== Data for review

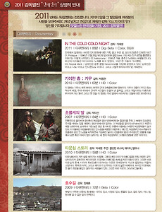 감독열전15 2011 감독열전 : 10편의 따끈따끈한 독립영화를 만나세요. [2011 감독열전] 산해진미, 맛깔스런 한국영화기행 2011 감독열전 대전아트시네마 상영안내 기간: 4월 7일(목) ~ 4월 13일(수) 장소: 대전아트시네마 2011 감독열전 대구 동성아트홀 상영안내 기간: 4월 7일(목) ~ 4월 20일(수) 장소: 대구동성아트홀 [2011 감독열전]에서 극영화 5편, 다큐멘터리 5편 등 총 10편의 따끈따끈한 독립장편영화를 만나보세요! 서울 상영에 이어 부산, 대구, 대전, 인천, 광주, 전주 등 지역 순회 상영이 진행됩니다. ○ 상영시간표 보기 ○ 공식 블로그 바로가기 ○ 상영 영화에 대한 정보는 아래 이미지를 참고해 주세요. 2011. 3. 23. [키노아이 감독熱전] 트레일러 공개_9편의 영화를 미리 엿보자! 키노아이 감독熱전의 아홉 편의 작품들이 어떤 영화들인지 궁금하시죠? ^^ 아직 못보셨다면 감독열전의 트레일러를 먼저 감상하고, 내 취향에 맞는, 꼭 보고 싶은 영화를 먼저 챙겨 보는 건 어떨까요? 가장 호감가는 영화의 투표(현장에서만 가능!)를 하시면 추첨을 통해 선물도 드립니다~ ^^ 그렇다면, 두둥! 트레일러를 감상해볼까요?? 2009. 7. 29. [키노아이 감독熱전] 특별한 이벤트가 시작된다! 키노아이 감독열전이 벌써 6일차로 접어들었습니다! 9편의 영화가 매일매일 관객여러분과의 만남을 고대하여 기다리고 있습니다. 그래서 준비한 특별한 이벤트! 하나! 키노아이 감독열전의 티켓을 모아오세요! 각기 다른 영화의 티켓 세 장을 모아오시면 DVD 혹은 책을 선물로 드립니다. 두울! 키노아이 감독熱전을 더욱 저렴하게 감상하실 수 있다는 거 알고 계시나요? 키노아이 패키지 티켓(10장)을 구입하시면 DVD 혹은 책을 선물로 드립니다. 영화도 남들보다 알뜰하게 보고, 선물의 행운까지 가져가세요! ※ 기간은 상품 소진 시 까지! 서두르세요~♡ 이런 선물을 드린답니다! 작년 인디스페이스의 화제의 개봉작 [슬리핑 뷰티], [가벼운 잠], [하늘을 걷는 소년] DVD 김명주 작가의 서정적 소설 [여름과 가울 사이.. 2009. 7. 28. [키노아이 감독熱전] 감독과의 대화(GV) 안내 키노아이 감독熱전! 아홉 명의 감독, 아홉 편의 작품, 아홉 개의 각기 다른 재미를 느낄 수 있는 키노아이 감독열전이 인디스페이스에서 열리고 있습니다. 주말에는 감독과의 대화의 특별한 만남도 기다리고 있답니다! 영화도 보고, 감독과 이야기도 나누고, 감독열전이 준비한 특별한 선물까지 인디스페이스에서 이 모든 혜택을 맛보세요! 감독과의 대화 (GV) 7월 25일 4:00pm 딱정벌레 (감독 김은희) 7월 26일 4:00pm 보통소년 (감독 박성훈) 7월 31일 8:30pm 낯선 곳 낯선 시간 (감독 김영혜) 8월 1일 2:30pm 말보로 전쟁 (감독 명중오) 6:00pm 삼거리 무스탕 소년의 최후 (감독 남기웅) 8월 2일 4:30pm 세리와 하르 (감독 장수영) 2009. 7. 24. INDIESPACE on PAPer 21_200907_반두비&키노아이 감독熱전 INDIESPACE on PAPer 21_200907 Contents Editorial 현장스케치 01_중국독립영화특별전:중국 사실주의 영화의 최전선, 장밍 감독을 만나다 02_매삼화 with 퀴어문화축제+연분홍치마 [레즈비언 정치 도전기] 03_독립장편영화쇼케이스 [청계천의 개] Editor's Choice 독립영화 속 내가 꼽은 한 컷: 처음 만난 사람들, 반두비, 다른 반쪽, 빙아이 Now on INDIESPACE [반두비] 작품정보 & 리뷰 신동일 감독 인터뷰 키노아이 감독열전 작품정보 아메리칸 좀비, 세리와 하르 리뷰 & 키노아이 김명은 대표 인터뷰 제4회 이주노동자영화제 영화제 정보 & 활동가 인터뷰 인디스페이스 정기상영회: 독립영화와 친구들 인디아카이브 안내 인디아카이브 안내 & [송환] 다.. 2009. 7. 20. 제1회 키노아이 감독열전(7.23-8.5)_상영시간표 공개! 제1회 키노아이 감독熱전_7.23-7.29 7/23 (목) 7/24 (금) 7/25 (토) 7/26 (일) 7/27 (월) 7/28 (화) 7/29 (수) 10:30 낯선 곳, 낯선 시간 아메리칸 좀비 세리와 하르 말보로 전쟁 딱정벌레 삼거리 무스탕 소년의 최후 보통소년 12:30 딱정벌레 낯선 곳, 낯선 시간 아메리칸 좀비 삼거리 무스탕 소년의 최후 보통소년 딱정벌레 아메리칸 좀비 14:30 보통소년 딱정벌레 낯선 곳, 낯선 시간 푸른강은 흘러라 말보로 전쟁 보통소년 낯선 곳, 낯선 시간 16:30 말보로 전쟁 보통소년 16:00 딱정벌레 GV 16:00 보통소년 GV 삼거리 무스탕 소년의 최후 말보로 전쟁 딱정벌레 18:30 삼거리 무스탕 소년의 최후 말보로 전쟁 사람을 찾습니다 아메리칸 좀비 세리와.. 2009. 7. 20. [제1회 키노아이 감독熱(열)전] 대한민국의 대표 독립감독들을 소개합니다 제1회 키노아이 감독熱(열)전 대한민국의 대표 독립감독들을 소개합니다. 패기와 열정으로 뭉친 9인의 독립영화 감독들! 각양각색, 기상천외한 그들의 이야기를 만난다!! 대한민국을 대표하는 열정 가득한 독립 영화 감독들을 한자리에 모으는 특별한 기획전이 오는 7월 23일 개최된다. 제 1회 키노아이 감독熱전이 그것. 7월 23일부터 8월 5일까지 ‘인디스페이스’를 통해 상영되는 이번 기획전은, 독립영화에 대한 관객들의 보다 뜨거운 관심을 불러일으킬 수 있을 것 이라는 점에서 더욱 큰 관심을 모으고 있다. 특히 독립영화가 한국 영화시장 속에서 그 어느 때 보다 많은 주목을 이끌고 있는 분위기 속에,독립영화계의 숨은 주역으로 활동 
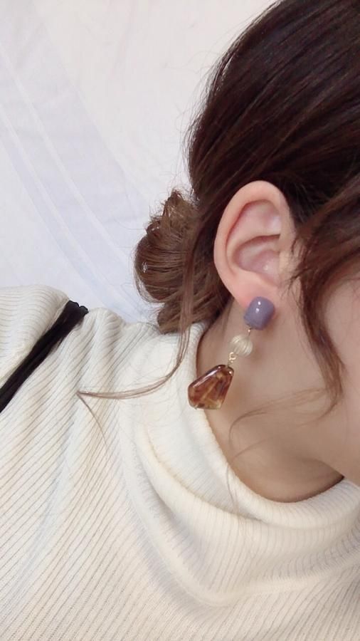 ¡Ú12/9(sat)12:00~Order Start.¡ÛAsymmetry color pallet pierce/earring (Beige ¡ß Pinky brown) [cc]
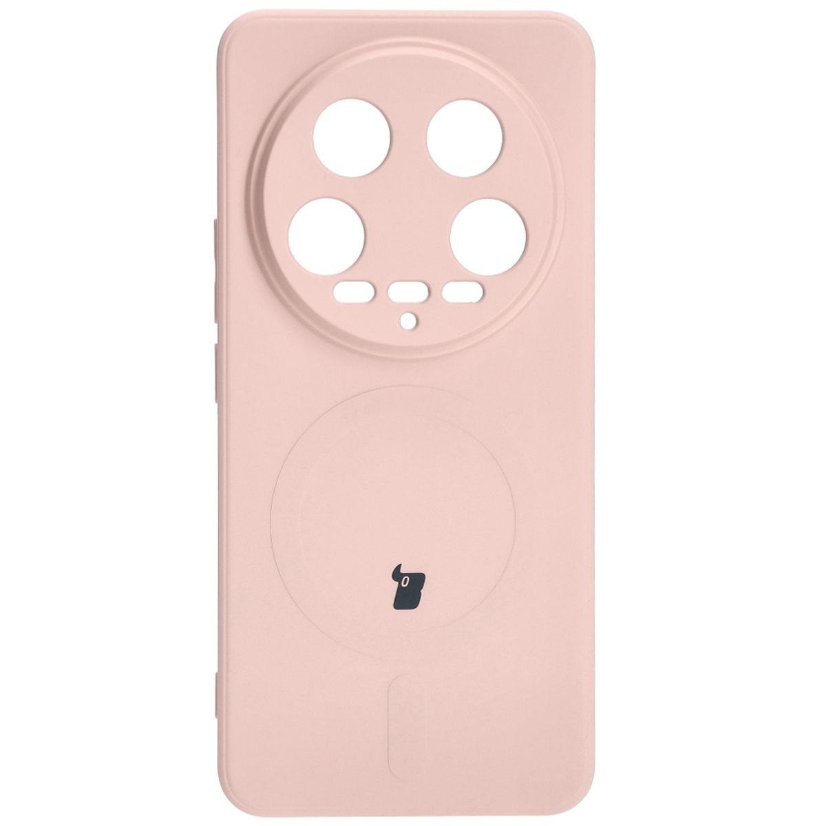- Silikonowe etui z pierścieniem magnetycznym Bizon Silicone Magnetic Sq do Xiaomi 14 Ultra, jasnoróżowe
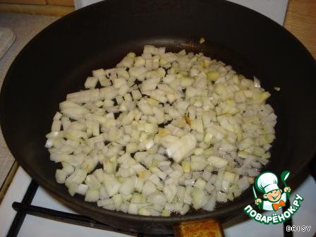 Пока рыба в духовке, готовим гарнир. Мелко режем лук.
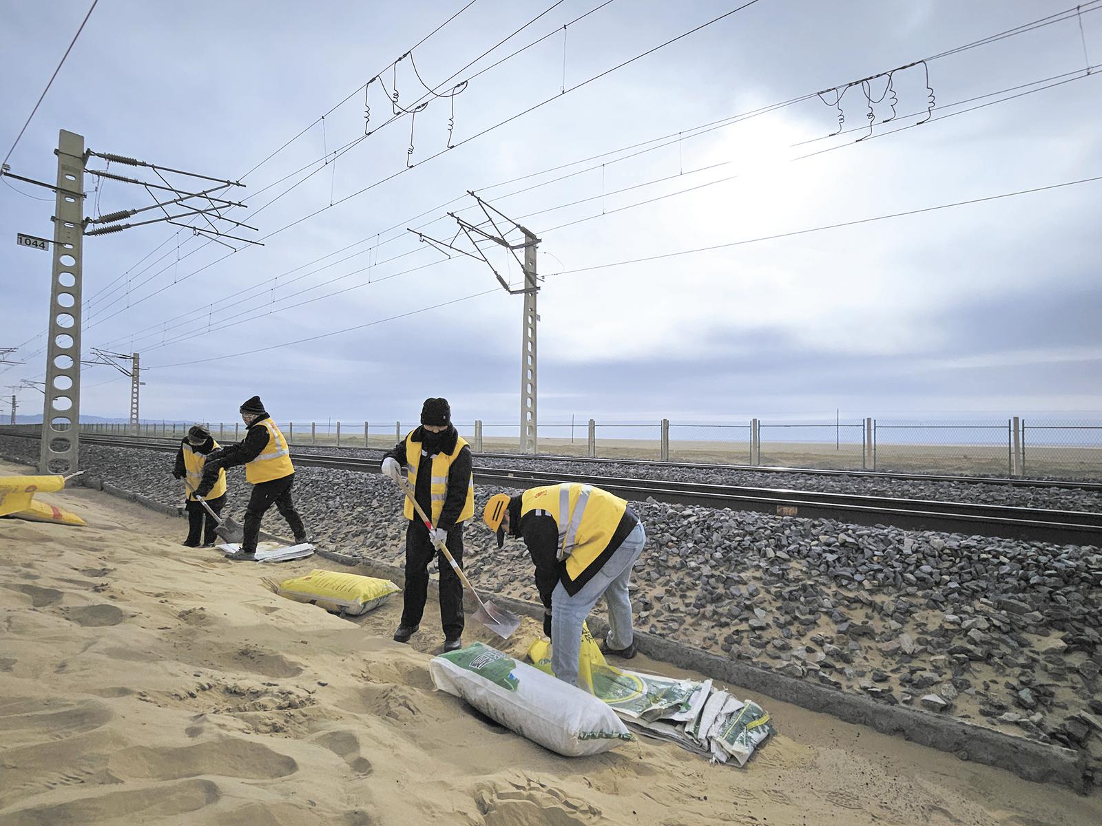 多年來,工區(qū)職工們反復(fù)探索,積累經(jīng)驗(yàn),采用“草方格”“石方格”“擋沙墻”“HDPE低立式防沙板”等一系列防沙治理措施,有效固定了流沙。但風(fēng)不停息沙不止,風(fēng)沙依舊不時侵入線路。
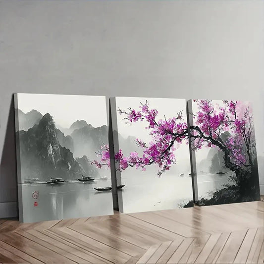 3pcs Purple Plum Blossoms In Full Bloom Wall Art Set Canvas Framed 60x90cm - High Quality Print 100% Australian Made Wall Canvas Ready to Hang
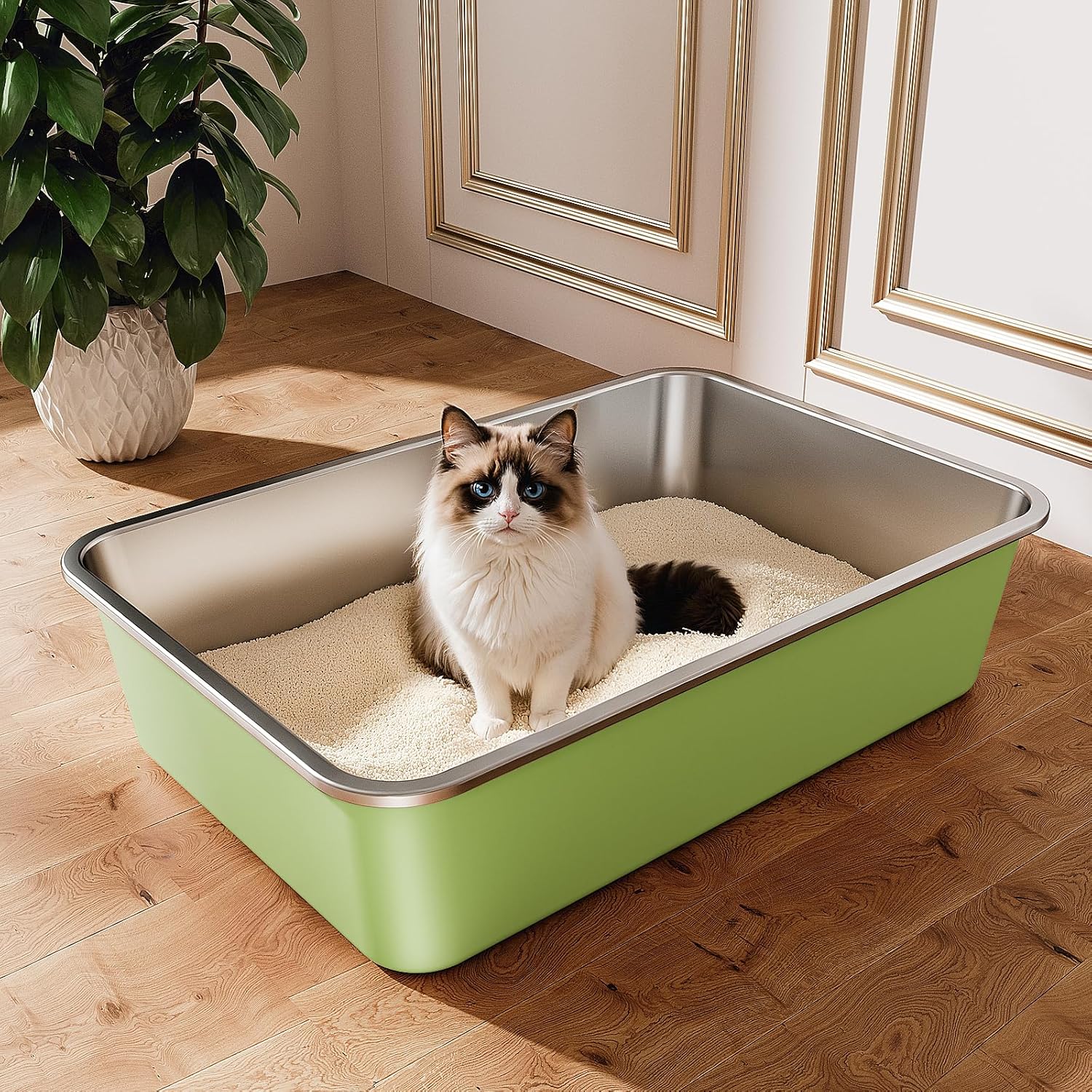 - 【Easy-to-Clean Stainless Steel】: Made from premium stainless steel, this litter box is super easy to clean and does a great job of controlling odors, providing your cat with a fresh and welcoming environment.

====

[The task] Only the lines of the listing above from the one with "Пока рыба в" through the one with "3pcs Purple Plum" should be output, exactly, with both ends kept and pictures left out.

[Your response]
 Пока рыба в духовке, готовим гарнир. Мелко режем лук.
 多年來,工區(qū)職工們反復(fù)探索,積累經(jīng)驗(yàn),采用“草方格”“石方格”“擋沙墻”“HDPE低立式防沙板”等一系列防沙治理措施,有效固定了流沙。但風(fēng)不停息沙不止,風(fēng)沙依舊不時侵入線路。
 3pcs Purple Plum Blossoms In Full Bloom Wall Art Set Canvas Framed 60x90cm - High Quality Print 100% Australian Made Wall Canvas Ready to Hang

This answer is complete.